I didn’t look at all national races, but in the 63 I did examine, 57 were decided by less that three-percent – many by tenths of a point. Yes, Democrats picked up the U.S. House. They needed 23 wins. They got 30. In a body of 435, hardly a landslide. If a few don’t follow caucus instructions on whatever the vote is about on any given day, that majority can evaporate. The new majority “whip” is going to be kept busy.

Less than a one point separation is likely to give Florida a Republican governor and, less than two-points, a senator. Same margains in Texas with Cruz over O’Rourke. Kansas, Michigan, Illinois, Wisconsin, California, Nevada and more had Senate and House victories by two and three points. Or less. Many state races and ballot issues were squeakers. Arizona is still counting Senate votes. No winner in Alabama Governor yet, either.

“Well, Rainey, a win is still a win,” you say. “What’s the matter with you?”

I see several “matters.”

For one, like Jack Kennedy faced, when one of these squeaker winners walks down the street, that person has to realize nearly one of every two people passing by voted against her/him. So much for a mandate. So much for real constituent support.

Another example. Legislating. If your majority in a congressional or legislative body is around one-percent or so, keeping your “horses” going in the same direction on significant issues is very difficult. Especially issues of conscience. Think Supreme Court candidates, budgeting or abortion rights. Without the heft of a solid majority, such issues are often near-impossible to settle.

There are many folks still saying we must stop speaking ill of each other – must stop the arguing and fighting – must return to a “kinder, gentler time.” Must “come together.” “Love your enemy” and all that.

It seems to me we’ve gone too far down the national road of vitriol, hate and division for any of that to be effective. We’ve got a serial liar president with millions of supporters who say “Sure, he lies, but he says what’s on his mind, he’s not a politician and I like that.” When what’s “on his mind” is constant lying about everything, how do you reach those people?

Another example. During exit polling in Florida, the question CNN put to voters, regardless of party affiliation – or none – was “Which national party do you want controlling Congress?” The answer? Dead even at 49% for each. How do you create effective governance out of that?

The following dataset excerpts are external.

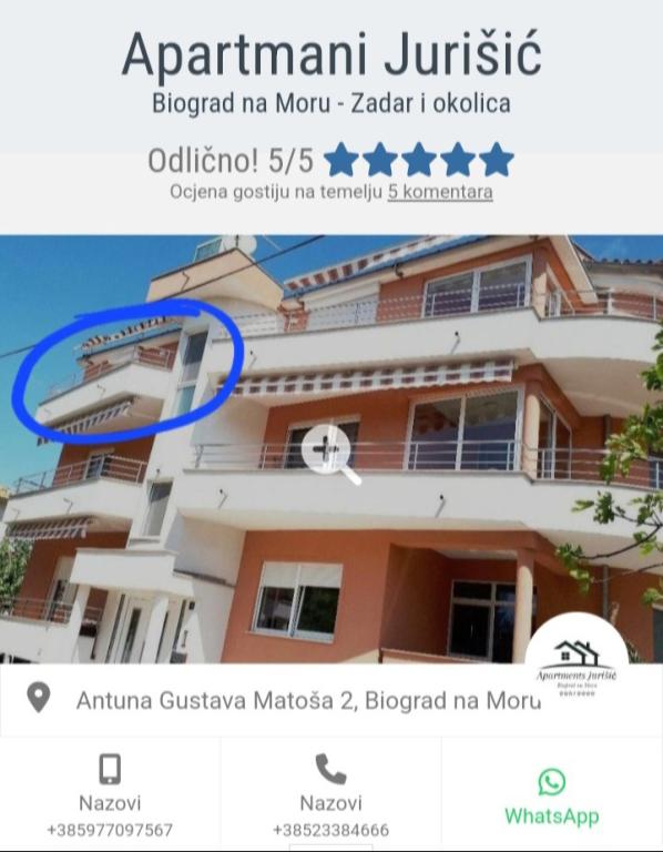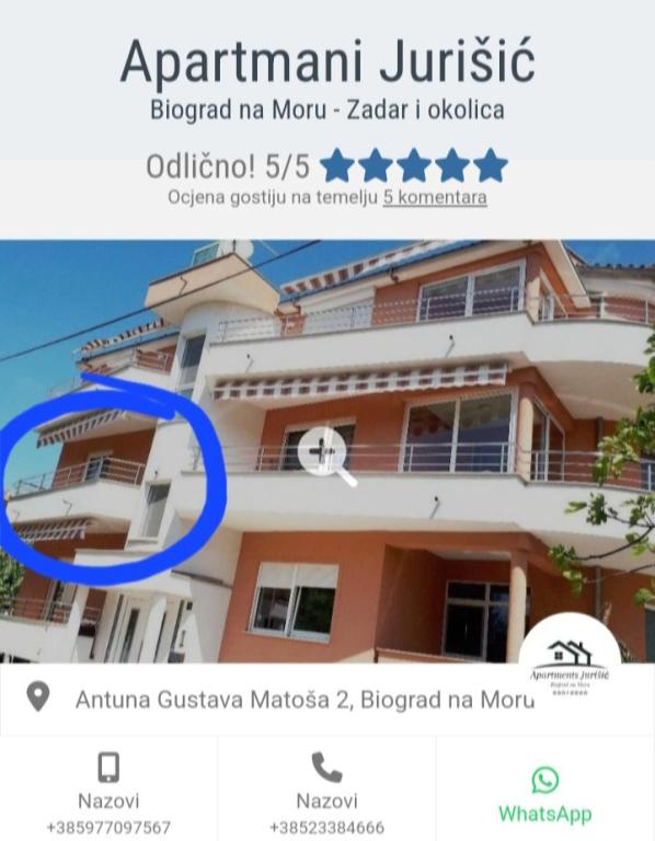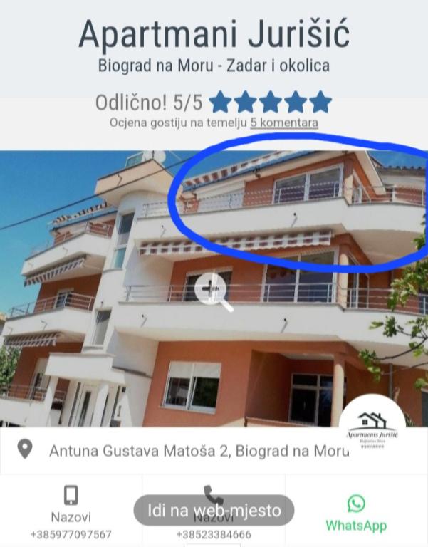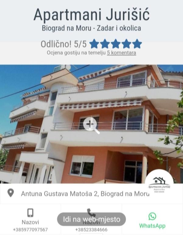 Smo družina Jurišić, ki ima dolgo tradicijo turizma, več kot 40 let. V mirnem delu centra mesta Biograd na Moru (v bližini hotela "Ilirija") se nahajata naši dve hiši, ki se nahajata le 50 metrov od morja, promenade, rive in drugih vsebin ... restavracij, trgovin, pošte ... Vsi apartmaji imajo klimatizirano namestitev (v vsaki sobi in dnevni sobi je klima), na oknih so mreže proti komarjem, vsak apartma pa ima svoj balkon, varovano parkirišče, Wi-Fi in žar za uporabo. Cene (po datumih) so navedene v ceniku posameznega apartmaja (pomožno ležišče - kavč za dodatni 2 osebi/otroka se doplača +10 eur/noč).
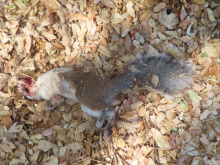 Spooked a turkey vulture while driving; this is what he was eating. Carcass was alongside a dirt road, so possibly roadkill.
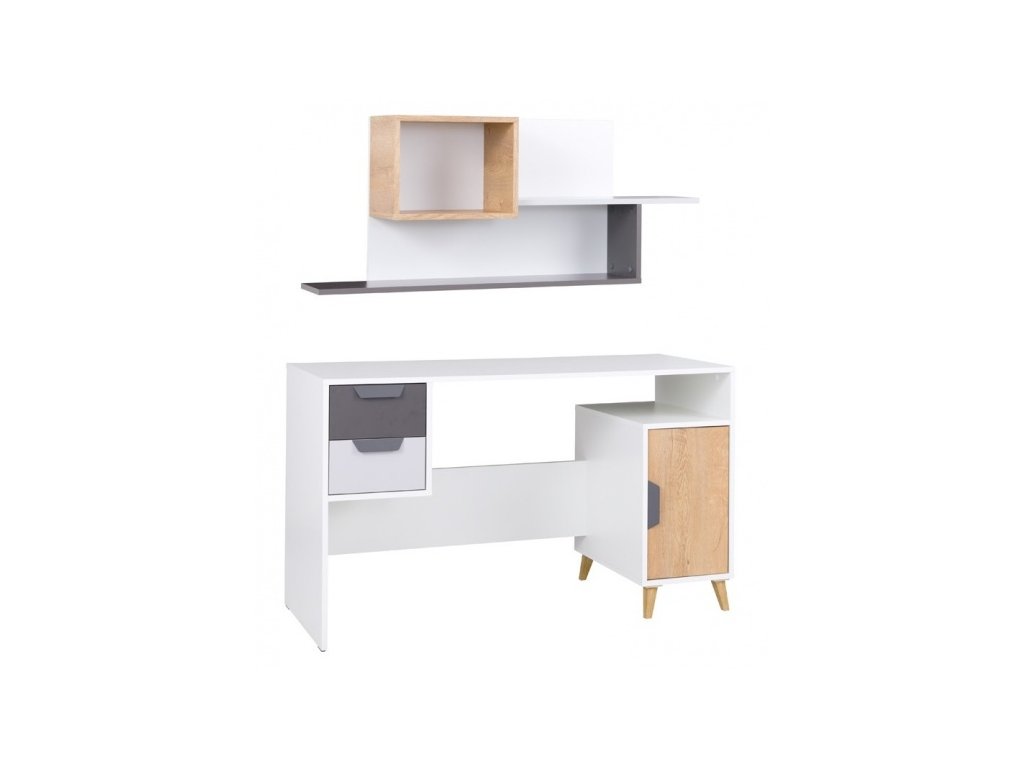 Kolekce dětského pokoje Joker je moderní nábytek charakteristický především svými nožkami. Tento dětský sektor, který má korpus v bílé barvě, je doplněn o odstín šedé, grafit a dub lefkas. Pro inspiraci jsme připravili několik sestav, avšak komponenty je možné zakoupit i jednotlivě, takže můžete vytvořit dětský pokoj dle své vlastní představy. Nábytek je vyroben z kvalitního lamina a odolnost při každodenním použití zajišťují ABS hrany.
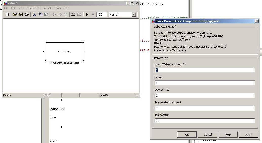 Beim klicken auf dass Subsystem sollte sich dann eine Maske öffnen, in der ich die einzelnen Parameter der Formel eingeben kann...

Other exit interviews on just about any issue or candidate there were many similar near-tie responses, regardless of what region of the country was involved. If you take nearly any national issue, you’ll find just about a 50-50 split. A few choruses of “Kum-ba-yah” will not heal our coast-to-coast ills.

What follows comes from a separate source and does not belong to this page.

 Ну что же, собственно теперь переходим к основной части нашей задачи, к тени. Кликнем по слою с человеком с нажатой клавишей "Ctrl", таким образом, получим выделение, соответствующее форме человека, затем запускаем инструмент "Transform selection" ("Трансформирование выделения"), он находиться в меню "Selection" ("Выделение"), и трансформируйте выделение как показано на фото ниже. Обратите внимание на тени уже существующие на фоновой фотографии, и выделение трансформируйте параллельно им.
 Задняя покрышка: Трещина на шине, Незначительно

Seems to me we’re in a situation similar to what Quakers in this country faced during the Civil War. They made gallant efforts to stick to their pacifist culture and stay out of the fighting for a long time. But, eventually, many of them realized they’d lose that culture and all they had if they didn’t take up arms. So, many of them did. They joined up and helped overpower the enemy.
(http://ramwebs.wcupa.edu/jones/his480/reports/civilwar.html)

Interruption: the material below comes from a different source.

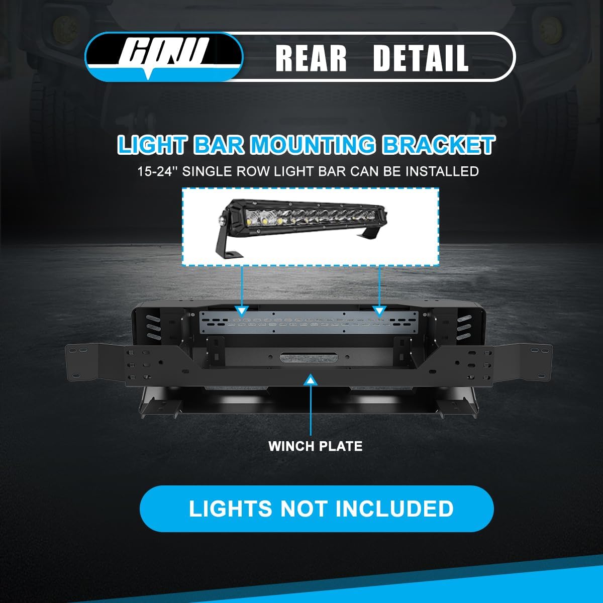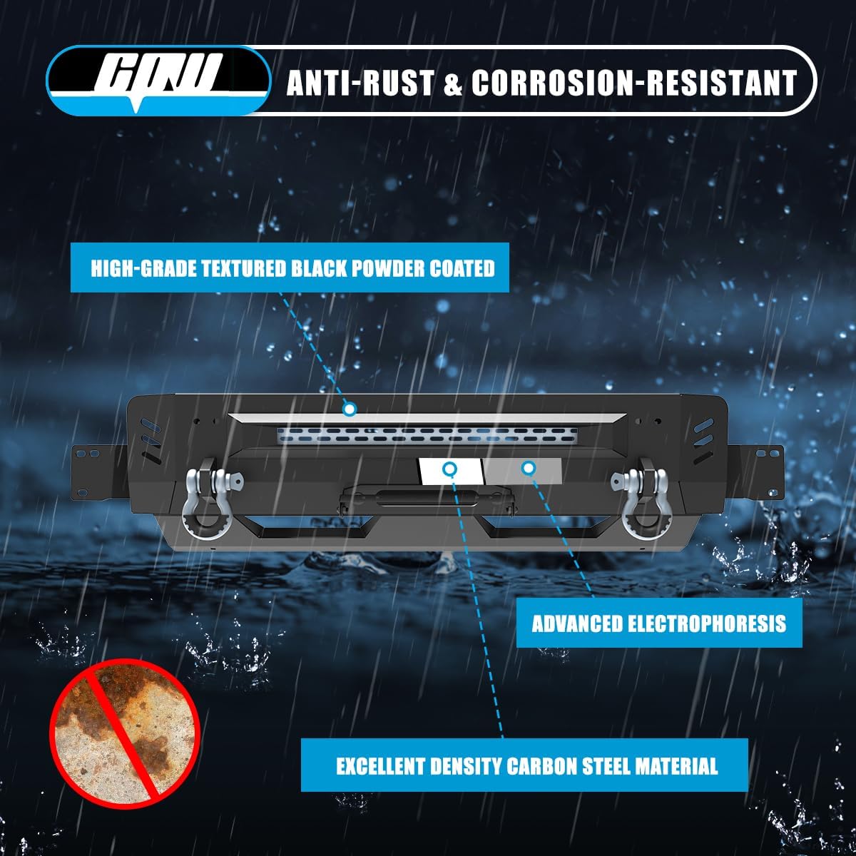 | Included Components | 1 set of Mounting Hardware, 1 x Mid-Width Front Bumper, 1 x Winch Plate, 2 x D-Ring Shackles |
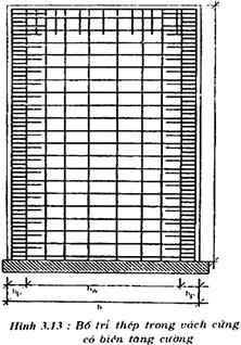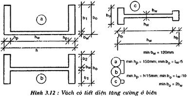 – Cần có biện pháp tăng cường tiết diện ở khu vực biên các vách cứng (hình 3.12). Các vách đặc có biên tăng cường được cấu tạo theo hướng dẫn ở hình 3.13.

We’re now faced with significant threats to all our culture. To our peace and tranquility. To our chosen way of life. Even to preserving the Republic.

The sources of those threats are many. Politicians more concerned with continued public-trough employment than concerns constituents face. A political party using lies and terrible tactics – some illegal – to gain or keep control in Congress and many states. Millions of Americans divorced from reality by sick rightwing media and “consultant” forces pounding away in a closed environment of lies and half-truths. Millions of citizen naysayers believing their willful ignorance is as good as your factual reality.

There were way too many razor-thin victories in our last election – far too many candidates elected by hundredths-of-a- point to make real progress. The serious – some terrible – issues we face as a country can’t muster a significant majority to solve. The outcome – and the numbers – prove it.

The time for peaceful solutions seems over. It may take a national force-of-will to form the majority needed to get back on the right path. Force-of-will and a few more elections.

Like those Quakers, we may have to join a fight we really don’t want to.